Advance care planning: New research reveals mismatch between CCG policies and the reality for patients
Patients report doctors being ill-equipped to support them to plan ahead for their future care and treatment, says Compassion in Dying.
A report published today (Friday 5th October 2018) has revealed significant gaps between Clinical Commissioning Groups’ (CCGs) policies on advance care planning and the reality experienced by patients. This could result in GPs being unable to adequately support their patients to plan for their future care and treatment, meaning that people may be less likely to have their wishes known about and followed by health and care professionals.

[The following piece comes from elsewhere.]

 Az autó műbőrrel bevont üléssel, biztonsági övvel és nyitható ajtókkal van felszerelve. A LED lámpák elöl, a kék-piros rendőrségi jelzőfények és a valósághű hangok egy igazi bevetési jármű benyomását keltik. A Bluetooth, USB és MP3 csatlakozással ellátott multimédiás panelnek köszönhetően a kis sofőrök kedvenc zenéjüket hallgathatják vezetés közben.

Compassion in Dying was prompted to conduct a Freedom of Information request to all 207 CCGs in England about their policies on advance care planning after receiving frequent enquiries to its information line regarding people’s experiences with GPs. Callers reported doctors being hesitant, not confident or even unwilling to discuss or record their advance care plans, which can include an Advance Decision (to Refuse Treatment - often known as a ‘Living Will’), a Do Not Attempt Cardiopulmonary Resuscitation (DNAR) form, and/or a Lasting Power of Attorney (LPA) for Health and Welfare.

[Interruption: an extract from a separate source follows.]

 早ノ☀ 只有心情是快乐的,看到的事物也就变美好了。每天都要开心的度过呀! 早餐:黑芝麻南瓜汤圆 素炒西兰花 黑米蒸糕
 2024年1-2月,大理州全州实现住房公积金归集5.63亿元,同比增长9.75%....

The report highlights that, contrary to the official policies of many CCGs, in practice there is often a lack of quality information and training for GPs on advance care planning, failures to fully implement the Mental Capacity Act and no formal systems for recording advance care planning documentation on patients’ records.
Examples of enquiries to Compassion in Dying’s Information Line include:
“The GP thought that my Advance Decision meant I did not want any further treatment as of now! I explained that it was a refusal of treatment for when I lost capacity to make decisions myself. The administrative department refused to record my Advance Decision on my medical notes and destroyed the copy I had given them.” (Henry, 2018)
“When I went to discuss my Advance Decision with my GP, she was utterly bemused by the whole thing. ‘What is this? Why are you bringing it to me? Where did you get it from?’ After she'd read the whole thing, she said ‘so it's about not being resuscitated?’ I had to explain everything to her.” (Kathy, 2018)
“My GP isn’t supportive of my Advance Decision and said I have to pay £50 for an appointment to discuss it.” (Mark, 2018)
Compassion in Dying is now appealing to CCGs to implement the report’s recommendations to help ensure that GPs can fully support their patients to plan for their future care and ensure their wishes are recorded and respected. This includes ensuring that the Mental Capacity Act is the foundation for all advance care planning policies, providing high quality information and training to GPs, noting the existence of care planning documentation in patients’ summary care records, and working with experts in the voluntary sector.
Natalie Koussa, Director of Partnerships and Services at Compassion in Dying said:
“Evidence shows that supporting people to make a clear, timely advance care plan not only provides reassurance and peace of mind to individuals and their families, but also reduces unwanted or unwarranted hospital admissions- an indicator of success for CCGs across England.
“However, our report reveals that although some CCGs may appear to have robust policies on advance care planning, enquiries to our Information Line suggest that they are not always being practiced in reality. It is therefore not surprising that the 2018 GP Patient Survey found that just 24% of people with a long term condition had agreed a care plan with their doctor. We propose a number of recommendations to strengthen existing policies and ensure they are better adhered to in future, so that patients can receive more and better support from their doctors to plan ahead.
“Our experience shows that while patients feel ready and able to talk about death and dying, often healthcare professionals do not. We recognise that GP practices are under immense pressure, so we want to offer our support and expertise through specialist information, accredited training and community outreach work.
“If national commitments to person-centred care and shared decision-making are to be achieved, GPs must be supported to play their part in ensuring their patients’ wishes for treatment and care can be properly discussed, recorded and followed.”